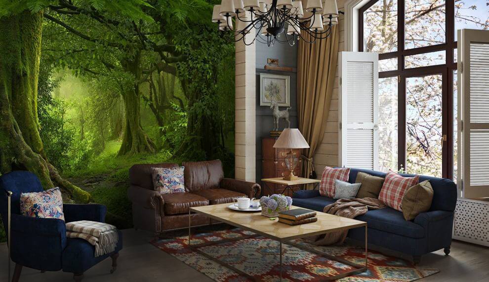 Не стоит забывать и про стиль помещения. Так, например, стиль хай тек в гостиной не сможет гармонировать с изображением макового или ромашкового поля на одной из стен. Необычные цветы или березовая роща прекрасно дополнять стиль кантри.
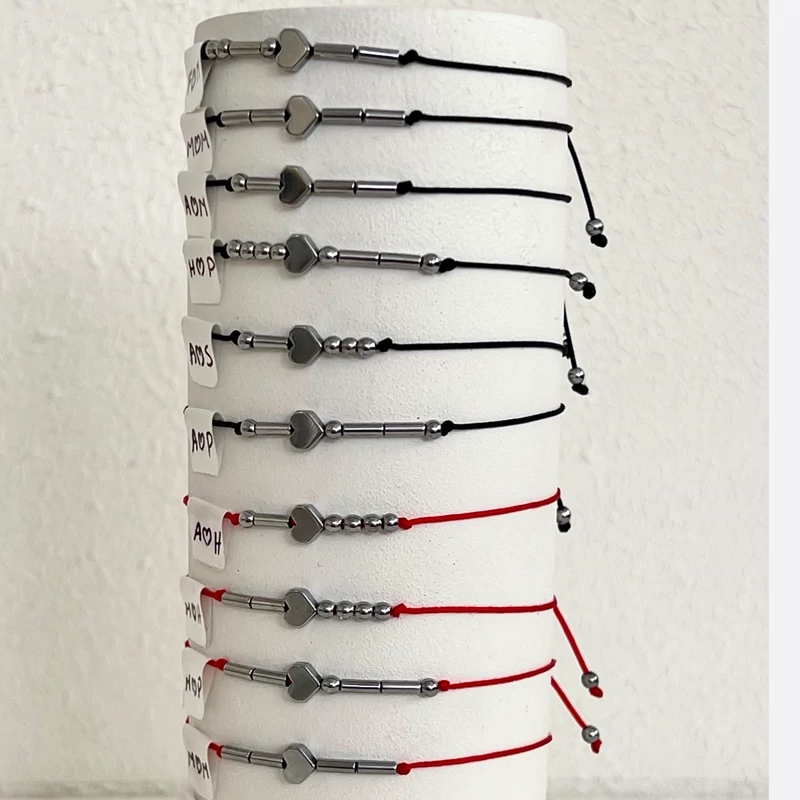 ✅دستبندهای حدید با کد مورس حروف اول اسم دو نفره جداشده با قلب حدید
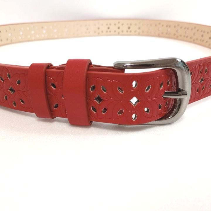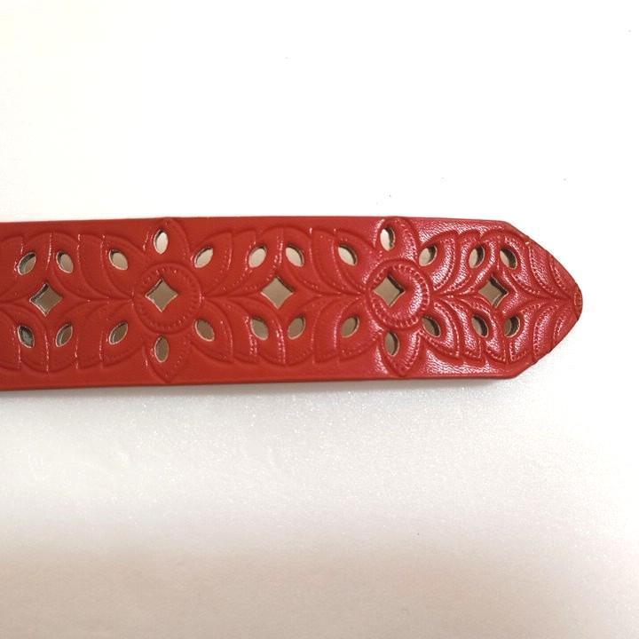 この花柄レザーベルトは、ソフトな質感とヴィンテージ感が魅力のユニセックスデザインです
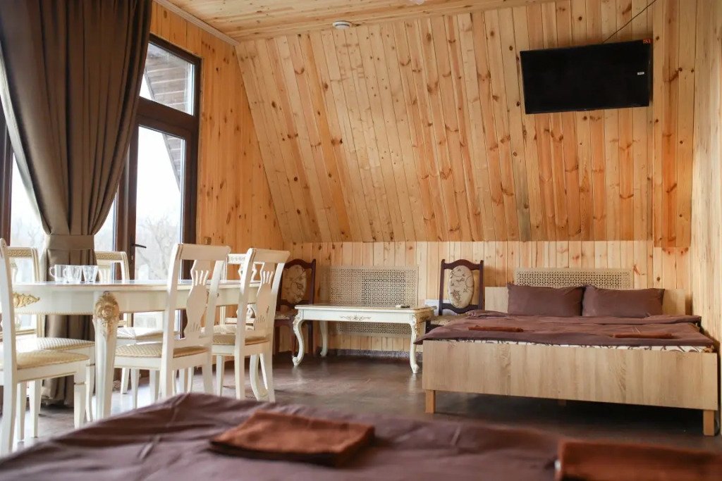 Wi-Fi, кондиционер, микроволновая печь, санузел, терраса, две двуспальные кровати, стулья, обеденный стол, зеркало, чайник, унитаз, отопление, душ, туалетные средства, мангал, панорамные окна, мини-холодильник, вид на горы, телевизор со Smart TV, вид на бассейн, экологичный подход, набор для приготовления чая и кофе, мыло, можно с питомцамиВ номере
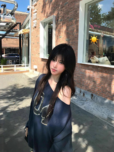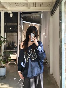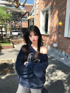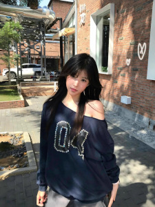 藏青色数字扣子斜肩套头卫衣女秋季美式慵懒宽松辣妹小众长袖上衣
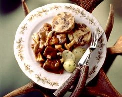 Hirschragout mit Schwammerln und Zwetschken-Serviettenknödel
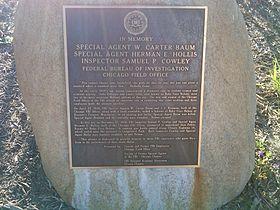 A plaque at the Barrington Park District in Barrington, Illinois commemorates the site of the Battle of Barrington, a 1934 shootout that claimed the lives of two FBI agents and resulted in the death of notorious Chicago gangster Baby Face Nelson.
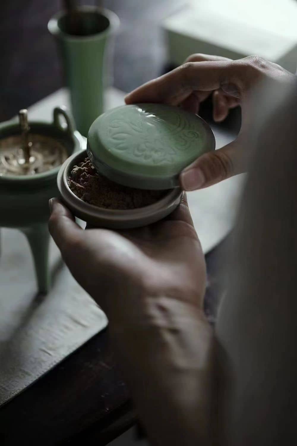 Song style elegant fragrant seal celadon set
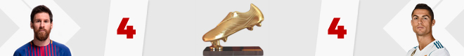 Ronaldo e ka fituar katër tituj në karrierë ‘Këpucën e Artë’ (tre me Los Blancos dhe një me United), ndërsa Messi po ashtu e ka fituar aq herë me Barcelonën.
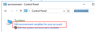On the control panel, search for environment variables:
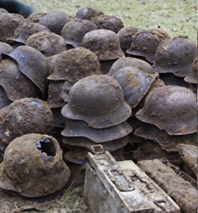 Sensationeller Fund in Brandenburg: Dutzende deutsche Soldatenhelme und zahlreiche Waffen aus dem Zweiten Weltkrieg tief im Boden entdeckt.H
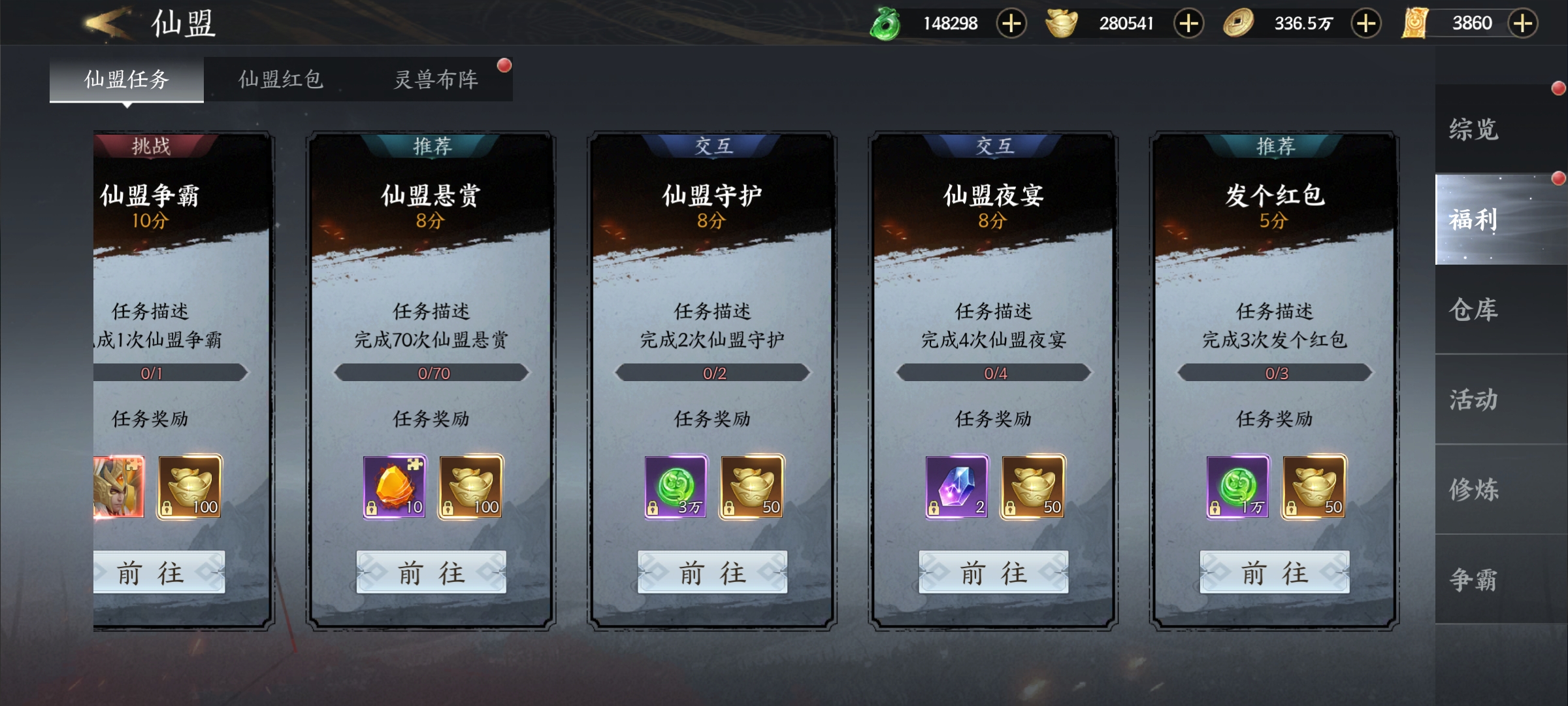 仙盟仓库互助,闲置变宝,仙盟共赢!

------------------------------------------------------------

> The task
Pictures are to be left out; the lines from the start of the records above through the line holding "با قلب حدید" are to be returned exactly.

> Answer
 Не стоит забывать и про стиль помещения. Так, например, стиль хай тек в гостиной не сможет гармонировать с изображением макового или ромашкового поля на одной из стен. Необычные цветы или березовая роща прекрасно дополнять стиль кантри.
 ✅دستبندهای حدید با کد مورس حروف اول اسم دو نفره جداشده با قلب حدید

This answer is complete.